[Excerpted records Boundary: Start]

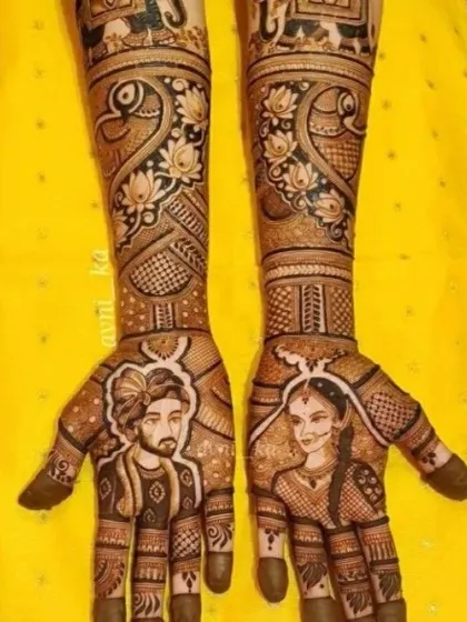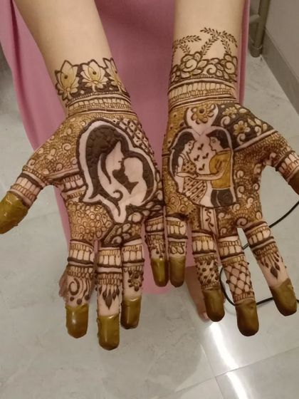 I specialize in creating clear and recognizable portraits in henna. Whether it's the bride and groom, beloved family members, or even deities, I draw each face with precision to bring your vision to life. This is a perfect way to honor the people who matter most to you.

[Excerpted records Boundary: End]
[Excerpted records Boundary: Start]

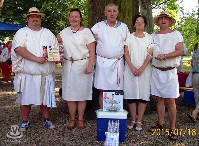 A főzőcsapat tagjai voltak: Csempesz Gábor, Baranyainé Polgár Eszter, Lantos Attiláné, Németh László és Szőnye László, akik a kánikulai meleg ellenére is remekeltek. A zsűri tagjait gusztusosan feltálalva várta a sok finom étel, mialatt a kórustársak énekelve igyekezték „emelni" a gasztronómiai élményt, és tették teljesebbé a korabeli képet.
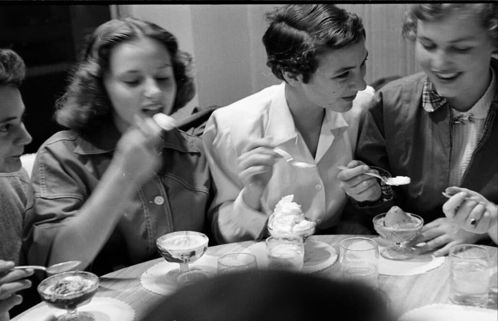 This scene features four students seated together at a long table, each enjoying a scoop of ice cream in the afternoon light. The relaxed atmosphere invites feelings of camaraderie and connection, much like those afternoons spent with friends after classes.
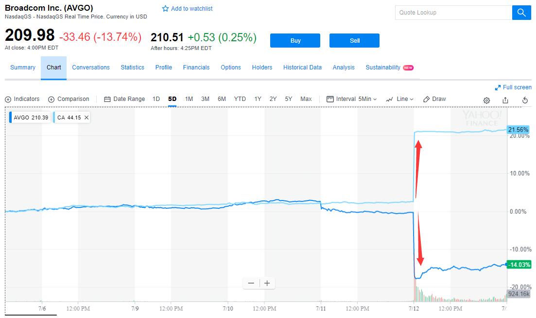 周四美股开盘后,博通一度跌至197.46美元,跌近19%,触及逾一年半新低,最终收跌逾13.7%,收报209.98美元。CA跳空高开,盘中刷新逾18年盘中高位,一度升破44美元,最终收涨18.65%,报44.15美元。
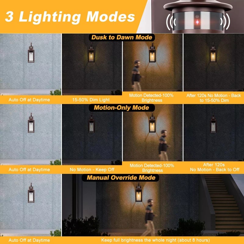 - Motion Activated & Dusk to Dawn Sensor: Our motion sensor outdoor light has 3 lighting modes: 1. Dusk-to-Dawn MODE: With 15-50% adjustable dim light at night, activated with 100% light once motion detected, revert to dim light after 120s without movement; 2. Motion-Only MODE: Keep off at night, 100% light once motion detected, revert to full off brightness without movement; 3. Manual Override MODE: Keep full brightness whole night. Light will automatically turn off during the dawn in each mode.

[Excerpted records Boundary: End]

Respond with the exact lines above running from the one containing "This scene features" to the one containing "- Motion Activated", both ends kept and no pictures included.

 This scene features four students seated together at a long table, each enjoying a scoop of ice cream in the afternoon light. The relaxed atmosphere invites feelings of camaraderie and connection, much like those afternoons spent with friends after classes.
 周四美股开盘后,博通一度跌至197.46美元,跌近19%,触及逾一年半新低,最终收跌逾13.7%,收报209.98美元。CA跳空高开,盘中刷新逾18年盘中高位,一度升破44美元,最终收涨18.65%,报44.15美元。
 - Motion Activated & Dusk to Dawn Sensor: Our motion sensor outdoor light has 3 lighting modes: 1. Dusk-to-Dawn MODE: With 15-50% adjustable dim light at night, activated with 100% light once motion detected, revert to dim light after 120s without movement; 2. Motion-Only MODE: Keep off at night, 100% light once motion detected, revert to full off brightness without movement; 3. Manual Override MODE: Keep full brightness whole night. Light will automatically turn off during the dawn in each mode.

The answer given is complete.